In Element avidity sequencing, the avidite is a large molecular construct, comprising a fluorescently labeled protein core connected to some number of (identical) nucleotides via flexible linker regions. Each of these nucleotide groups can be independently recruited by a polymerase bound to a polony, and positioned based on base-pairing interactions. While each of these nucleotide:template:polymerase interactions is too weak and transient to sustain a strong signal, the avidite as a whole is bound to the polony via multiple such interactions, producing a strong and stable interaction overall.
Example avidite structure from the avidity sequencing paper. The core of the molecule consists of fluorescently labeled streptavidin, bound to linker regions via streptavidin:biotin interactions. Three of the four linkers shown here end in nucleotides (specifically, adenosine); the fourth mediates core:core interactions to produce an even larger avidite complex.

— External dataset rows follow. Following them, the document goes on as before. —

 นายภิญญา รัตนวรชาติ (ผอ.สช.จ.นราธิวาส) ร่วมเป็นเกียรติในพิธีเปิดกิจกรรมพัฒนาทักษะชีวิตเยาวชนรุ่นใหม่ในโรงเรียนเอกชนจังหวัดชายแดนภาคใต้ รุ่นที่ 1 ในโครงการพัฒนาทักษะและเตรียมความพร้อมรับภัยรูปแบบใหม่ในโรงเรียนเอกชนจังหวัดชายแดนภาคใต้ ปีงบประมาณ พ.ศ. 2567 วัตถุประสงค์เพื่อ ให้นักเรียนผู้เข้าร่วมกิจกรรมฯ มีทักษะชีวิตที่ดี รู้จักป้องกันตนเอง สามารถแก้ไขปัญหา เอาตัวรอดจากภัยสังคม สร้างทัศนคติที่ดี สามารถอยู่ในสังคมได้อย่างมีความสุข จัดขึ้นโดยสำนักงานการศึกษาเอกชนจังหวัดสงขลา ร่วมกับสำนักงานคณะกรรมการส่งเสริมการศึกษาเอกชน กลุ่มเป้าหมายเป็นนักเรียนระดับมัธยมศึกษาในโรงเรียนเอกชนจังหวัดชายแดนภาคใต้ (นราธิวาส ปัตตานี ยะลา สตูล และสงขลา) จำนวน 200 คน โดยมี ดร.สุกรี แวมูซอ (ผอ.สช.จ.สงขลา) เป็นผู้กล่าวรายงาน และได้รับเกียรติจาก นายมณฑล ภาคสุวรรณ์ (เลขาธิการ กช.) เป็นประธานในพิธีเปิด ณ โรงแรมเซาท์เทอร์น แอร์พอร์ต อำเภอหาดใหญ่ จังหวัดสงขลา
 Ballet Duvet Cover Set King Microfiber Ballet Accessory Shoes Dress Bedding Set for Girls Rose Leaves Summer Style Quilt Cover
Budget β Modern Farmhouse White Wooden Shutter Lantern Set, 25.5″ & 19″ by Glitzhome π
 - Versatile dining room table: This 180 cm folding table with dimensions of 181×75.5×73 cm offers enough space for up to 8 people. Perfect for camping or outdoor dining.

Example avidite arm structure, with biotin at one end (top-left) and adenosine at the other (bottom-right).
The base-calling phase of the avidity sequencing cycle thus proceeds as follows:
Prior to the base-calling phase, the polymerase and nucleotides involved in the elongation phase are detached and washed away.
The flow cell is then washed with a mixture containing an engineered polymerase as well as four fluorescently-labeled avidites (one each for A, C, G and T). The engineered polymerase (henceforth the avidite-binding polymerase, or ABP) is distinct from that used for elongation, and is capable of binding a template strand and recruiting a complementary nucleotide, but not capable of incorporation.

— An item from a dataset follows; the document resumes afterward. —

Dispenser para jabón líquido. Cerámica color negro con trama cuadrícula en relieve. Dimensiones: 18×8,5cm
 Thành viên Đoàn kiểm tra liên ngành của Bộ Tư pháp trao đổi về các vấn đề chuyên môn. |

The ABPs bind to the double-stranded regions of each polony and position themselves at the boundary with the single-stranded template region. They then attempt to recruit nucleotides complementary to the next position on the template strand. The only nucleotides available are those attached to the avidites, which are thus recruited.
Since each copy of the template sequence in each polony is synchronized, each polymerase bound to each polony attempts to recruit the same nucleotide type, and thus interacts with the same type of avidite. Each avidite molecule is thus recruited to multiple points on the polony, producing a stable overall interaction.
Multiple copies of the same avidite molecule are thus recruited to each polony, producing a strong and uniform fluorescent signal.
The flow cell is then imaged to identify the avidite bound to each polony, and thus the next nucleotide in each read. After this, the ABPs and avidites are detached and washed away, and the cycle proceeds to the next elongation phase (see above).